:: RECORDS PROVIDED ::

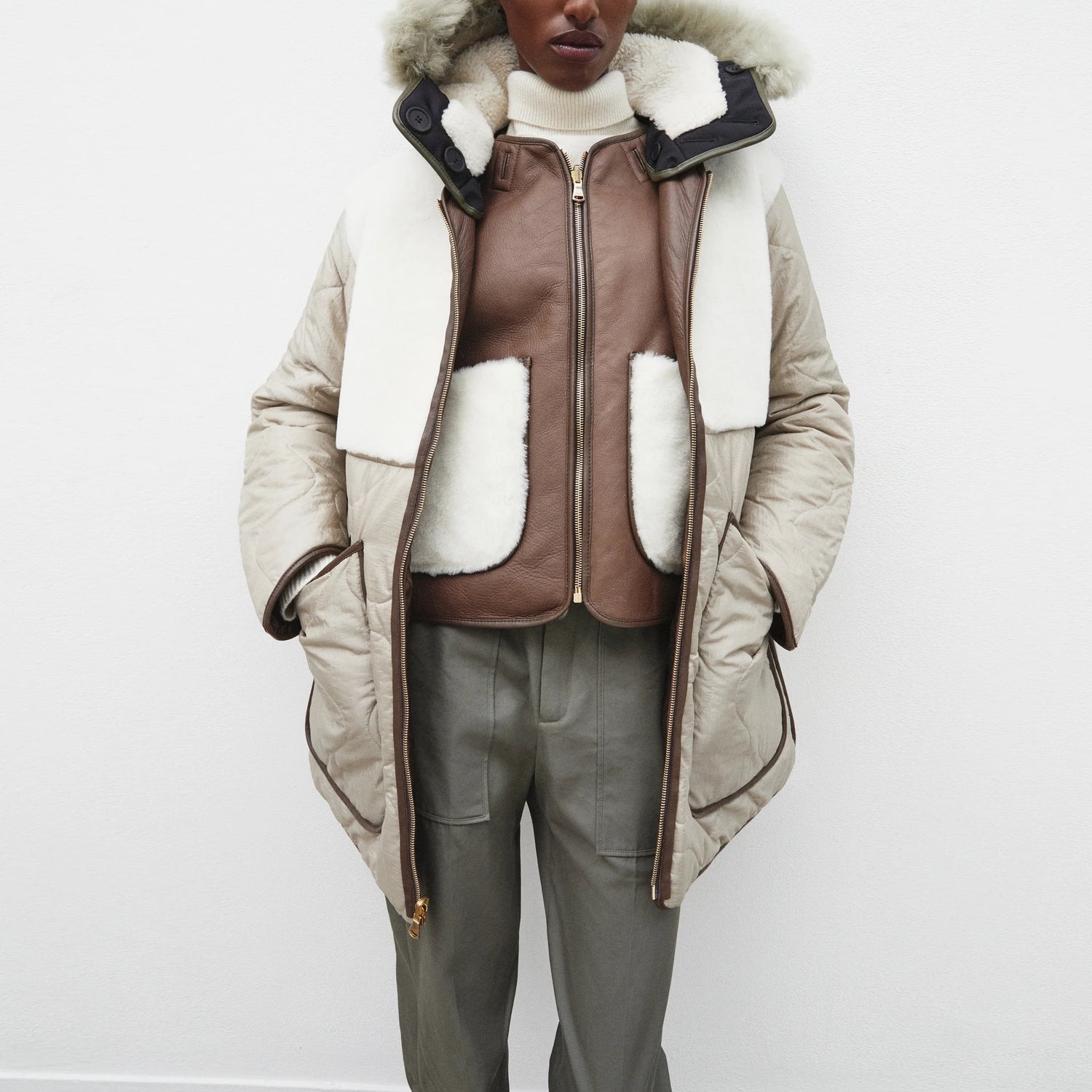 • ShellItalian By-Product Shearling (By-Product; Gold & Silver Standard) and Italian Nappa Leather (By-Product) with Japanese and Italian Nylon (PFC-Free)
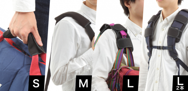 そしてホール構造の設計により「捻れ」「圧力」を吸収して、身体の形状に合わせ変形、肩への圧力を極限まで分散、軽減します。また、生地にも柔らかいネオプレーン素材を採用、中面と裏面に滑り止め加工を施し、ベルトをガッチリとホールド、肩からズレ、滑り落ちないように設計されています。サイズはS・M・Lの3つで手提げバッグ、リュック、ランドセルにも対応しています。デザインはシンプルにブラック基調となっています。
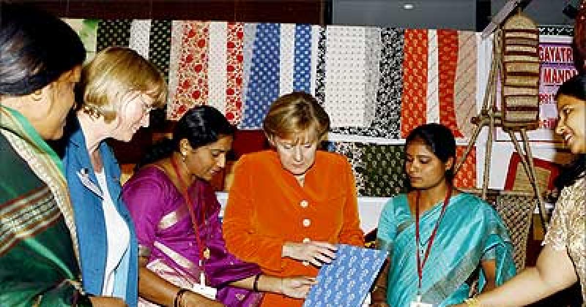 German Chancellor Angela Merkel (centre) goes through Indian fabric made by self help groups at the head office of National Bank for Agriculture and Rural Development in Mumbai on Wednesday. Merkel arrived in India for a visit expected to focus on security and trade issues, as Europe's largest economy aims to strengthen ties with the Asian giant.
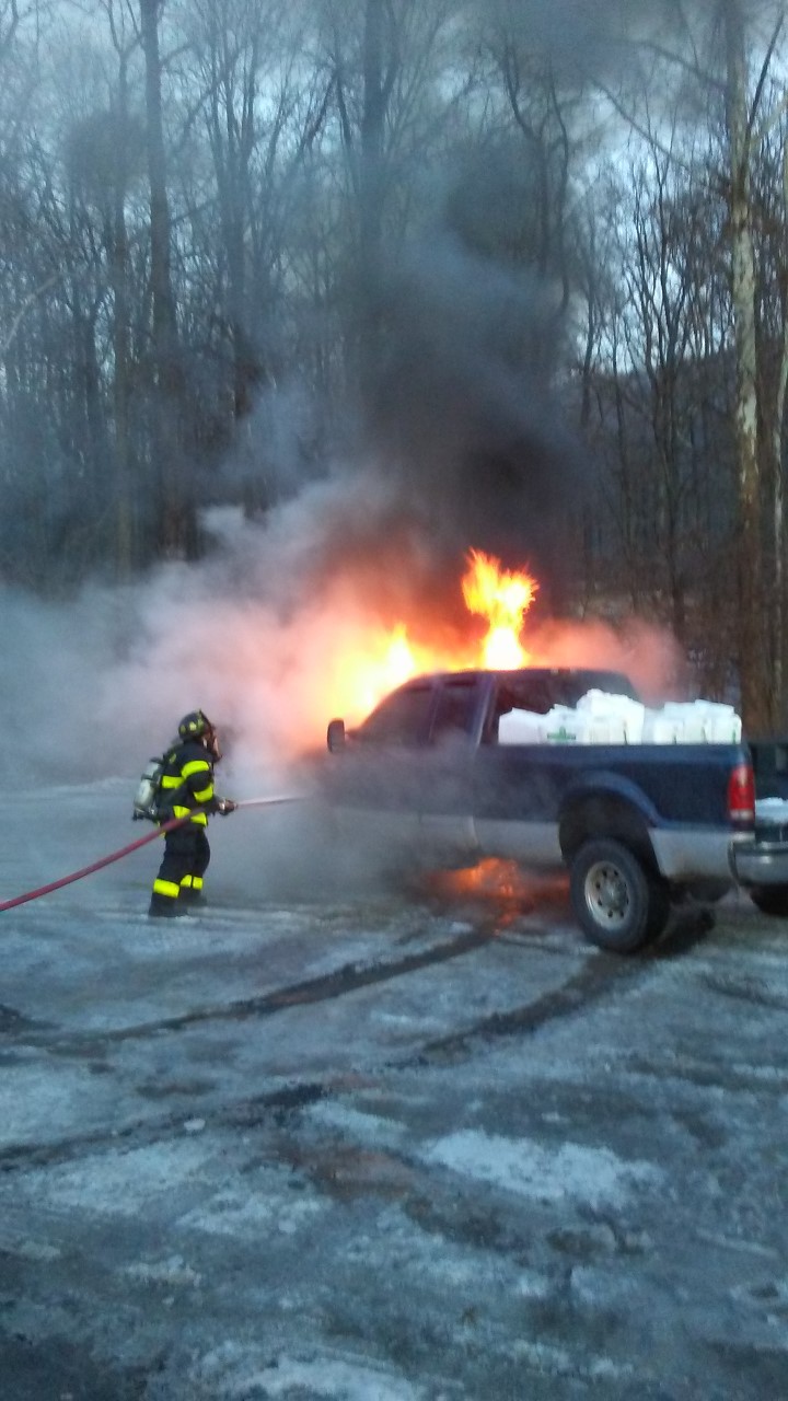 While on the medical call, the engine was dispatched to assist Exeter (Co25) for a reported vehicle fire at Butter Lane & Bingaman St. Deputy 1-1(Eisenhard) reported a large column of smoke visible from the medical call location. On arrival Engine 1 reported a well involved pickup truck and pulled two lines in order to extinguish the fire. Crews were able to clear the scene by 6p.m.
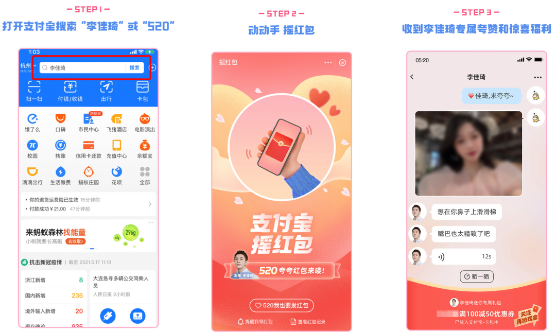 今年520李佳琦团队就将二者巧妙融合,通过支付宝搜索红包玩法,使其自运营的支付宝小程序用户量提升了5倍,并帮李佳琦直播间单场人气突破1个亿新纪录。
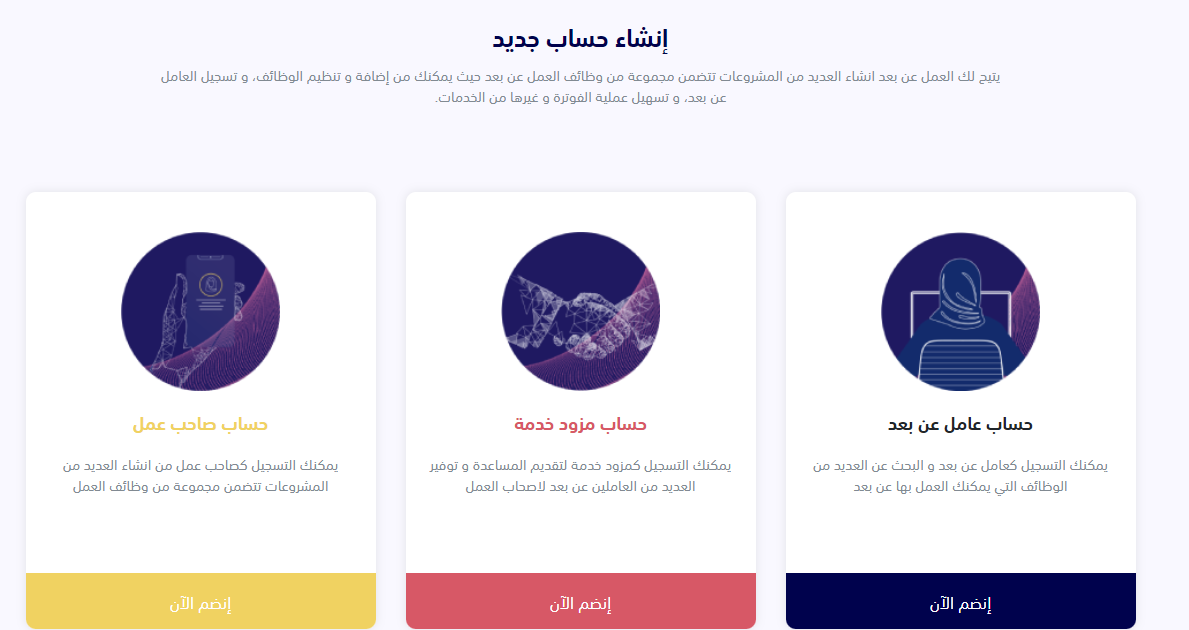 - لا بد من إنشاء حساب على بوابة العمل عن بعد حتى يتم من خلال التقديم على الوظائف.
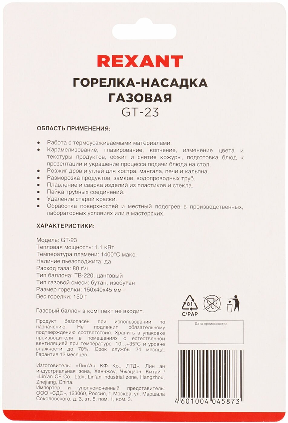 Горелка газовая Rexant GT-23 / 12-0023
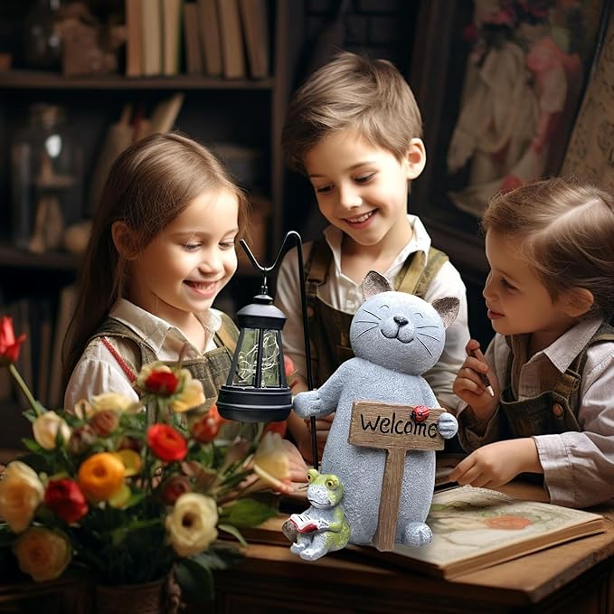 - 【Cute Cat Garden Statues】Solar Outdoor Cat Figurines with Solar Lights Lantern and with a welcome sign,complete with a lifelike expression,cute and intricately designed, is definitely a cute addition to any garden space or lawn decoration.Solar Garden Statue Lights Cat Figurine with Solar Lantern is a cute garden decor good for year round enjoyment.

:::

In the reply, give again exactly the lines from the beginning of the entries above through the line with "そしてホール構造の設計により"; pictures stay out.

 • ShellItalian By-Product Shearling (By-Product; Gold & Silver Standard) and Italian Nappa Leather (By-Product) with Japanese and Italian Nylon (PFC-Free)
 そしてホール構造の設計により「捻れ」「圧力」を吸収して、身体の形状に合わせ変形、肩への圧力を極限まで分散、軽減します。また、生地にも柔らかいネオプレーン素材を採用、中面と裏面に滑り止め加工を施し、ベルトをガッチリとホールド、肩からズレ、滑り落ちないように設計されています。サイズはS・M・Lの3つで手提げバッグ、リュック、ランドセルにも対応しています。デザインはシンプルにブラック基調となっています。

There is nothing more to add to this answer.